Anatomy of a del.icio.us post

What goes into a del.icio.us post? How do people choose the tags to apply? How does the interface affect tag choice? How does this influence flocking behavior? I’d like to take a stab here at these questions and more.

Throughout this post I’ll be using the example of 23 Photo Sharing. I found it through “nontraditional” means (not a web search, physical advertisement, or by word-of-mouth), and while the front page of the site is rich, it does not show exactly how the site works. The combination of information and ambiguity present on the tagged page is good for this discussion.

I’ll go ahead and tag this entry — hold on a second.

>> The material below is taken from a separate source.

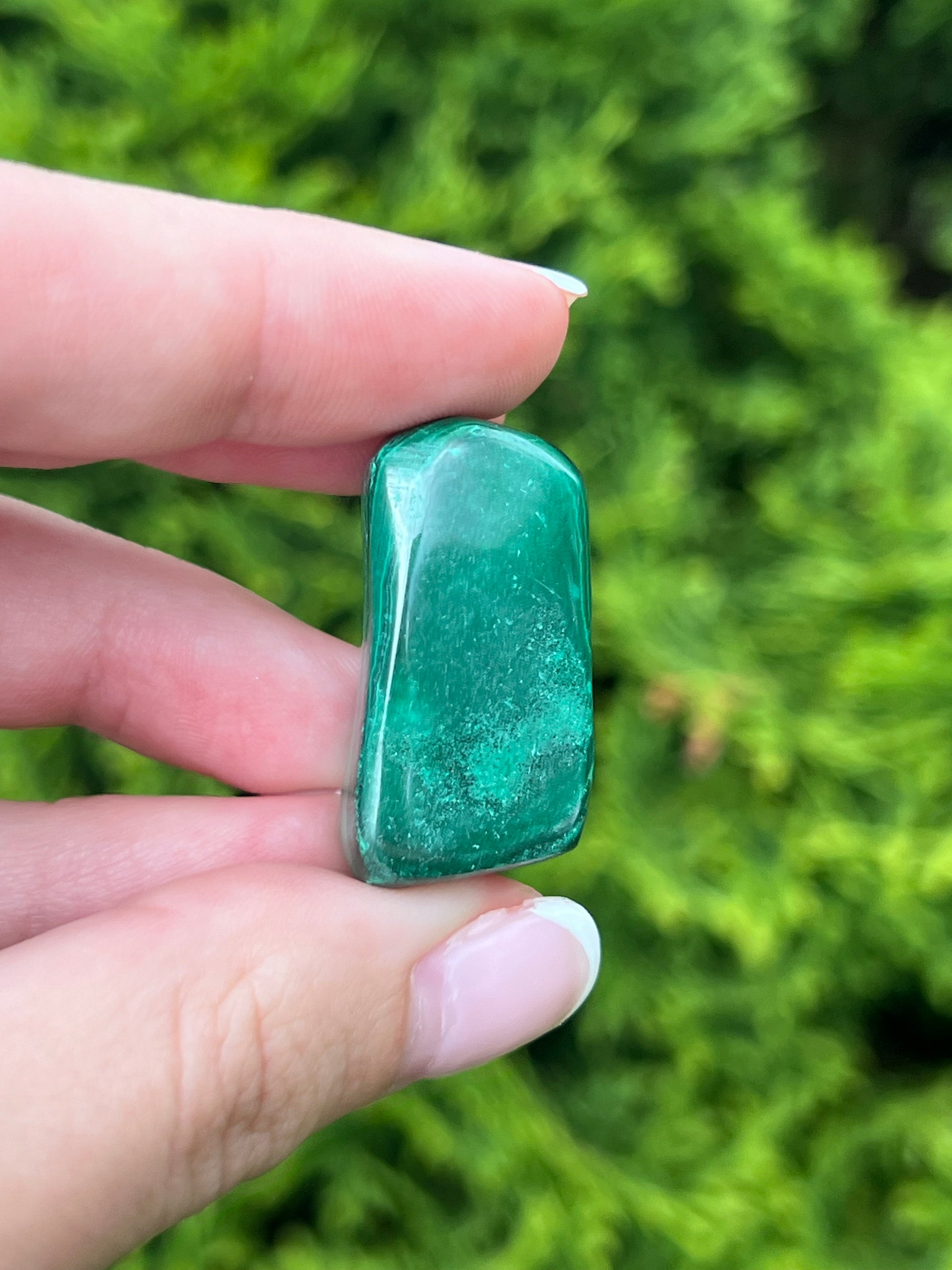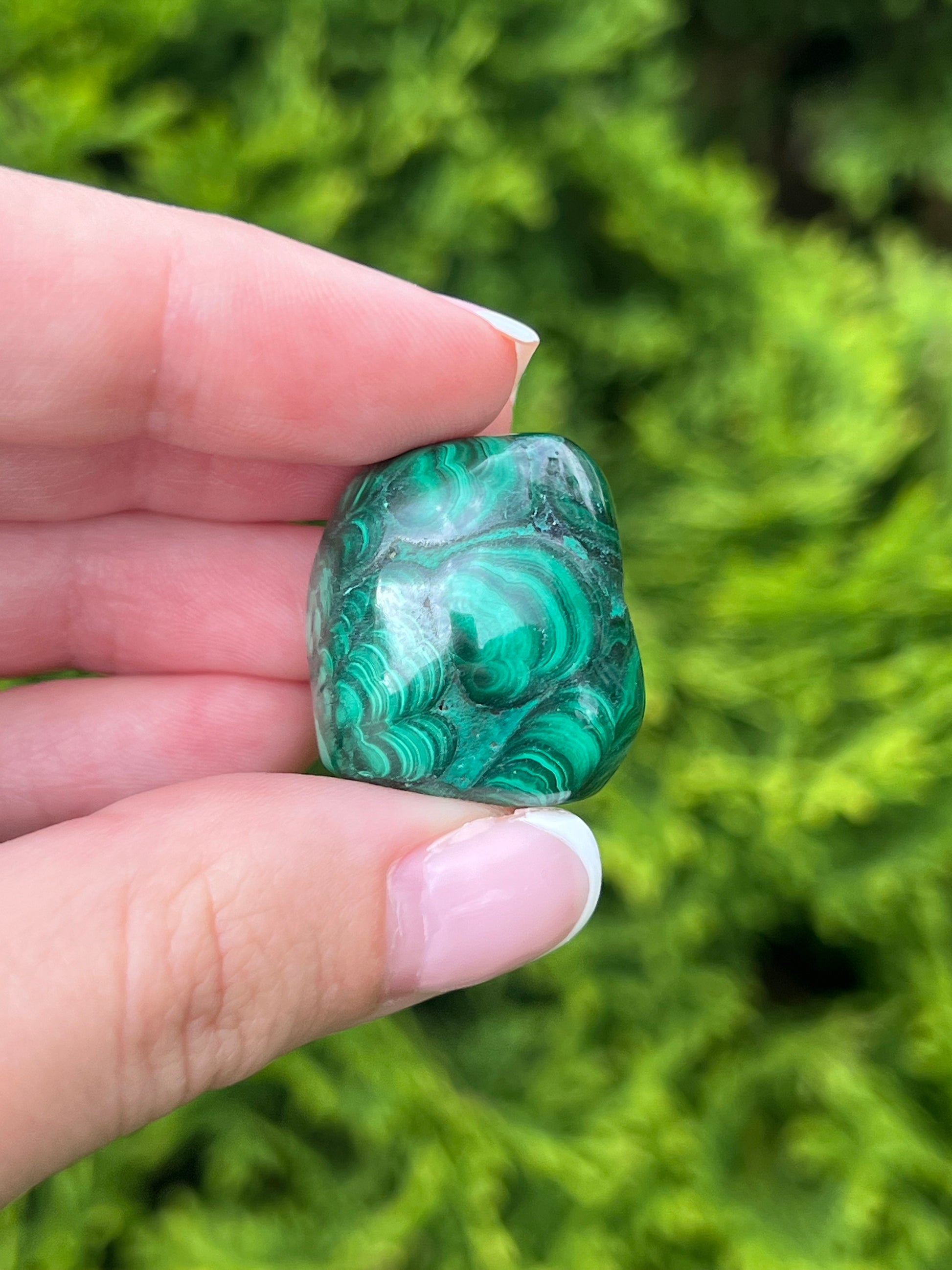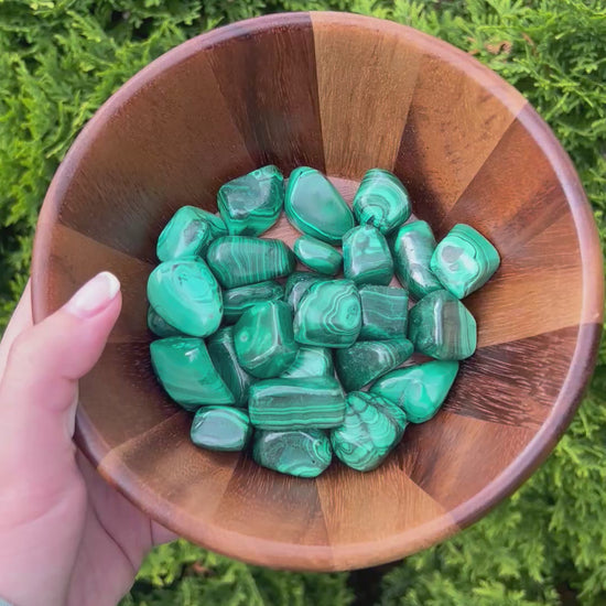 These vibrant tumbled malachite stones feature rich, swirling bands of deep green—each piece uniquely patterned by nature. Known as a powerful stone of protection and transformation, malachite helps absorb negative energy, encourage emotional healing, and support positive change.

Okay, I’m back. I’ve posted it to my general bookmarks account, del.icio.us/phyzome.

Basic models

Needless to say, everyone has their own unique tagging style, so one model isn’t going to cover everything. But I have noticed a few variables that seem to be fairly independent of each other and which can be used to describe a large portion of the del.icio.us population. There are a few tagging style continua to consider. Where are you on each continuum?

fringe vs. core (tail vs. head)
When tagging, do you tend to use the obvious, central ideas as tags, or do you also include the more tangentially related items? I’m the latter, a fringe tagger. I include any and every descriptive aspect of an object in its tags. Others, core taggers, tend to stay with the main concepts. Maybe they don’t like the clutter.
implicit vs. explicit
Do you use redundant tags? Explicit taggers might tag 23hq.com as ‘webservice’, ‘service’, and ‘web’, whereas implicit taggers might choose only ‘service’ and ‘web’. In fact, implicit taggers would likely drop the ‘web’ as well, since it is implied and not the topic of the site. Would you be more likely to tag a post both ‘linux’ and ‘computer’, or just ‘computer’? I vary in my position on this spectrum.
innovated vs. suggested
When I tag a post, I try to avoid looking at the suggestions until I’ve exhausted all of my own associations. Then I check out the recommended tags. This way, I can avoid getting distracted by similar terms, which would wipe out the better-fitting ones I come up with unaided. That makes me a highly innovated tagger — and I suspect we are rare.

Sample Data

Tagging on the edge

Have a look at the URL page for a recent news item. There are several things to notice here.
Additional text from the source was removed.